Uses `express-openapi` structure with in-band documented REST paths under `/api`.



On receiving a `POST`, the handler instantiates a new `Application` object, then calls `Application.create()` which calls the main event handler setup in `/lib/agent.js`. This listens on a Jambonz Websocket interface for new call, connects and dispatches messages between Jambonz and the chosen LLM agent.

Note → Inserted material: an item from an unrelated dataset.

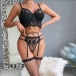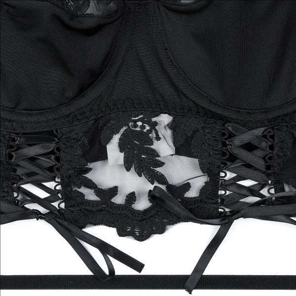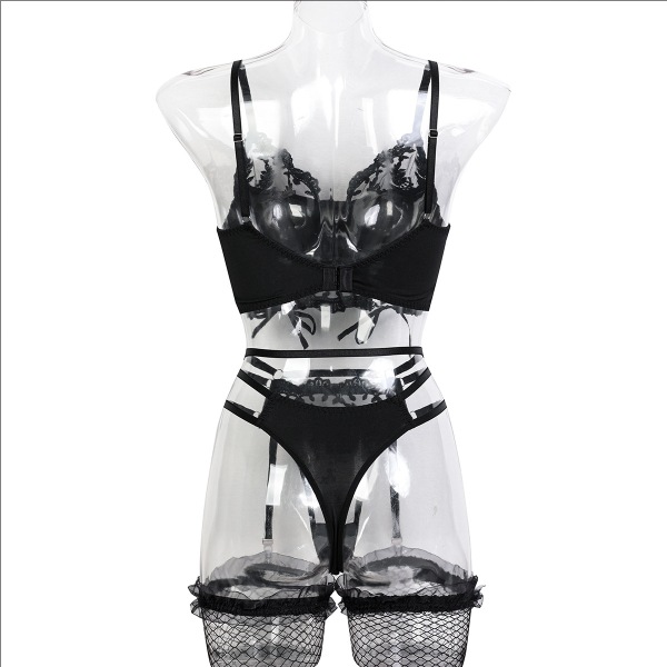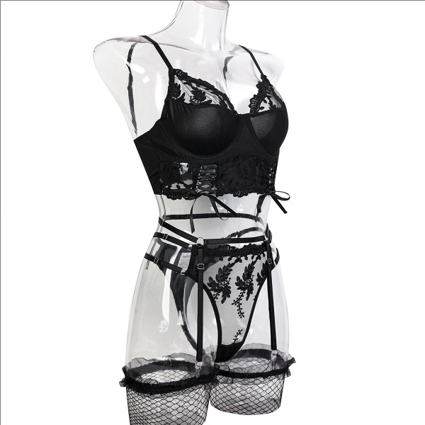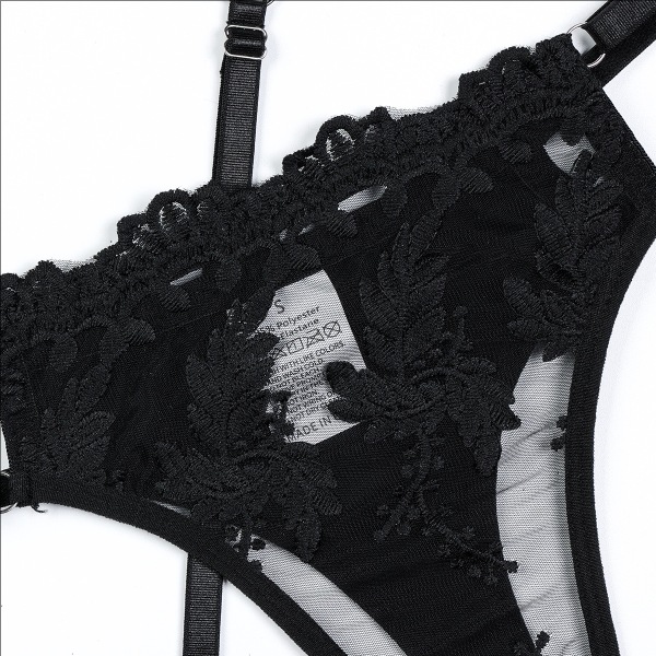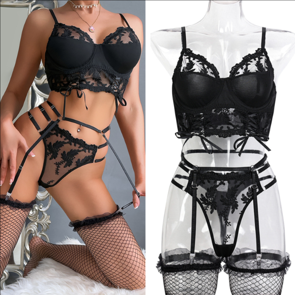 Sexy Floral Embroidery Ruffle Lingerie Set with Socks

The dispatcher also listens for client connects on the progress event Websocket.

Once the dispatcher is setup `Application.create()` creates a matching unique application on the Jambonz instance, finds a number which has no existing application linked to it and sets up routing to the new application.



When calls arrive, the event dispatcher in `/lib/agents.js` calls the LLM for an initial greeting and then emits updates on the progress websocket as the conversation turns proceed.



## Development



See [Developer Documentation](API.md) for class structure.



The rough backlog for development work on this project now involves implementation in the following areas (in no particular order):



  *  Further work to reduce the latency and flexibility of STT and TTS to do better audio response slicing to solve the rapid interruption and end of response detection problems.



  *  Incorporation of multi-modal inputs (audio direct to model) as these become available in vendor APIs: for example the audio chat feature announced but not shipped yet in GPT-4o as a more efficient pipeline than the existing STT/TTS.



  *  A "bot API" text injection endpoint to improve bot to bot interactions, allow BYOSTT for clients, and allow use of core logic by text based UIs.



If you want to work on one of these areas let me know, happy to accept contributions.